Le village rebelle de Maaret al-Numan dans la province d'Idlib en Syrie, a été bombardé par les forces russes. 12 janvier 2016. (REUTERS/Khalil Ashawi)

L'armée syrienne s'est emparée du dernier bastion rebelle clé dans la province de Lattaquié, tandis que des pourparlers de paix doivent débuter bientôt à Genève.

Dans le nord-ouest du pays, le régime poursuit sur sa lancée avec la prise de la localité stratégique de Rabia par "les forces armées, en coordination avec des troupes de défense populaire (milices prorégime)", a annoncé dimanche 24 janvier la télévision d'Etat. L'agence officielle Sana a fait état de "nombreux" rebelles tués.

Rabia était contrôlée depuis 2012 par des groupes rebelles, dont des Turkmènes syriens et le Front Al-Nosra, la branche syrienne d'Al-Qaïda.

"Au cours des 48H, les forces du régime ont encerclé la localité par le sud, l'ouest et le nord, s'emparant de 20 villages aux alentours", a précisé à l'AFP le directeur de l'OSDH Rami Abdel Rahmane.

Les reprises de Rabia et de Salma, un autre bastion rebelle tombé il y a une dizaine de jours, permettent au régime de renforcer son contrôle sur la province de Lattaquié, berceau de la famille du président Bachar al-Assad.

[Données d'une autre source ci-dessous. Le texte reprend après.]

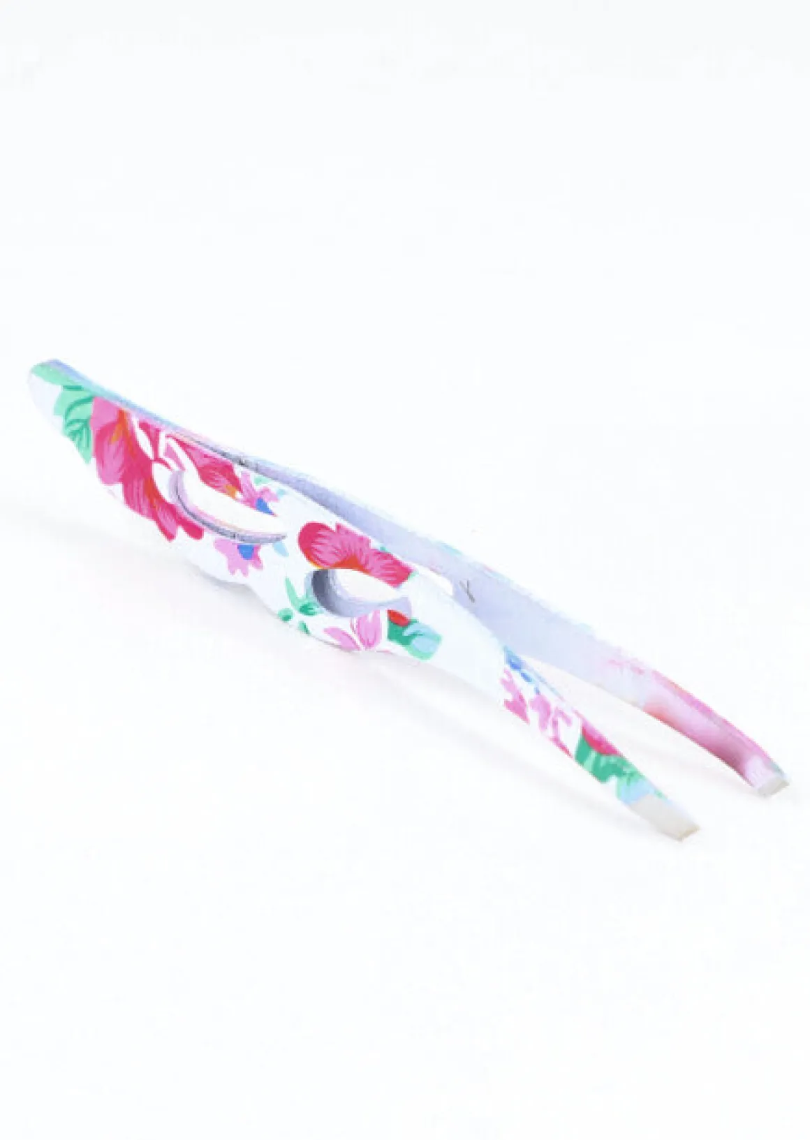 Pinza para depilar metálica. Con diseño para sujetar y estampado de flores.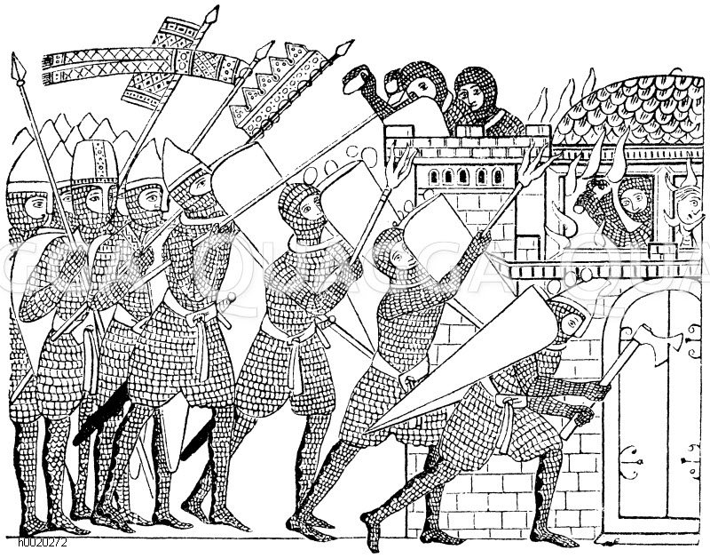 Belagerung einer Burg: Zeichnung/Illustration/Holzstich – – Siege of a castle. According to a picture in the manuscript of Hortus deliciarum the Herrad of Landsperg. 12th century – Siège d’un château. D’après une image du manuscrit d’Hortus deliciarum le Herrad de Landsperg. XIIe siècle

"Dans les prochains jours, nous serons en mesure d'annoncer que tout Lattaquié - ville et province- sera libérée des groupes armés", a déclaré à l'AFP un commandant de l'armée.

"Rôle essentiel" de la Russie

Rabia, la plus grosse agglomération de la zone montagneuse Jabal Turkmane, est un carrefour d'approvisionnement reliant la frontière turque aux places fortes rebelles, souligne Fabrice Balanche, spécialiste de la Syrie au Washington Institute.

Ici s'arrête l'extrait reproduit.